Bölüm 7: Bilinmeyen Korku
“Ünlü Detektif yeteneği… Fena değil. Bu bir gizem oyunu
olsaydı, yenilmez biri haline gelmez miydin? Lafı geçmişken, buraya gelmeden önce gizem
oyununa benzer bir şey oynamıştım. Doğru hatırlıyorsam, bir panda vardı…”
“Onun adı Monokuma, panda değil.”
Bir pandanın gözü nasıl kırmızı olabilir…
“Doğru doğru, adı buydu.”
Aliyah aniden anlamışa benzer bir ifade takındı.
“Haaaa…”
Çaresizce, ona baktım.
“Sende araştırmaya yardım edemez misin? Tek bir tane bile
araştırmada işe yarayacak yeteneğin yok mu?”
“Doğru, tek bir tane bile yok. Seçtiğim tüm yetenekler
ofansif.”
Neden bunu böbürlenerek söylüyorsun?
“Haaa…. Biliyordum.”
“Ne yani! Bunda bir sorun mu var?”
“…Hiç olmasa da, bu puan harcamada çok uç bir şey. Eğer
kontrol-tipi Büyücüyle karşılaşırsan, ne yapmayı düşünüyorsun? Misal, hızını
yarıya düşürürsem, sen daha bana ulaşamadan seni yenebilirim.”
“Hmph! Zamanı geldiğinde bir şeyler düşünürüm.
Senin kaygısız kişiliğin gerçekten endişe verici.
“Tamam tamam, şimdilik, bu baygınlık olayının kaynağını
netleştirmenin bir yolunu bulalım. Bu durumda uzman değilim, ve işte aynı
sebepten gizem oyunları oynamıyorum.”
“Şahsen ben, genelde kullanılabilir rehberlere bakarım.”
“Bunun için böbürlenmesen nasıl olur?”
“Olmaz, çünkü çok gururluyum.”
“Aman tanrım, neden sadece senin gibi bir partnerim olmak zorunda
ki…”
45 derece döndürerek gökyüzüne bakmaktan kendimi alamadım, ve
bu adaletsiz dünyaya haykırdım.
“Hah? Bu hanımın partnerin olmasından memnun değil misin?”
Belimi dürten kılıca benzer bir şeyi hissedebiliyordum!
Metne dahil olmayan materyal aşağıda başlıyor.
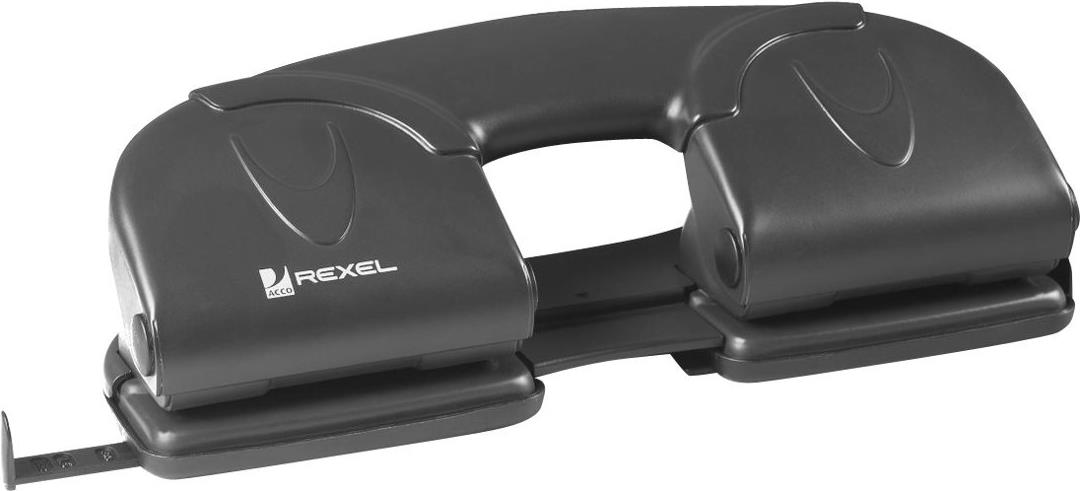 REXEL Vierfachlocher V412, Stanzleistung: 12 Blatt, schwarz aus Metall, mit 80 mm Lochung, mit Anschlagschiene für A4 (08309)
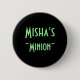 Set against a black background, "Misha's Minion" is centrally displayed in a light green font. A great piece of flair for the Misha fan.

“Hayır, hiç olmamasından iyidir değil mi… Anlaşılan sadece
ayrılıp bireysel olarak hareket edebiliriz. Baygınlığın mesafesini
doğrulamalıyız, sonrasında etkinin merkezini belirleyebiliriz.”
Yan tarafa yönelirken hızla konuştum. Başka biri tarafından
bıçaklanmak istemiyorum.
Fakat, buna rağmen Aliyah beni çabucak takip etti.
“Hey hey, zıt yönlerde ayrılırsak daha hızlı olacağını
düşünmüyor musun?”
“Left 4 Dead oynamış herkes bilir, kendi başına hareket
etmek sadece erken ölüm getirir.”
Bunu gerçekten ciddi bir şekilde söyledi.
“Üzgünüm, sonunda, hep takım arkadaşlarımı satarım, bu
yüzden baskı altında değilim.”
“Neden bu konuda böbürleniyorsun?”
“Çünkü ne tür bir FPS oyunu olursa olsun, kendi başıma
temizleyebildiğim sürece, hiç baskı olmaz.”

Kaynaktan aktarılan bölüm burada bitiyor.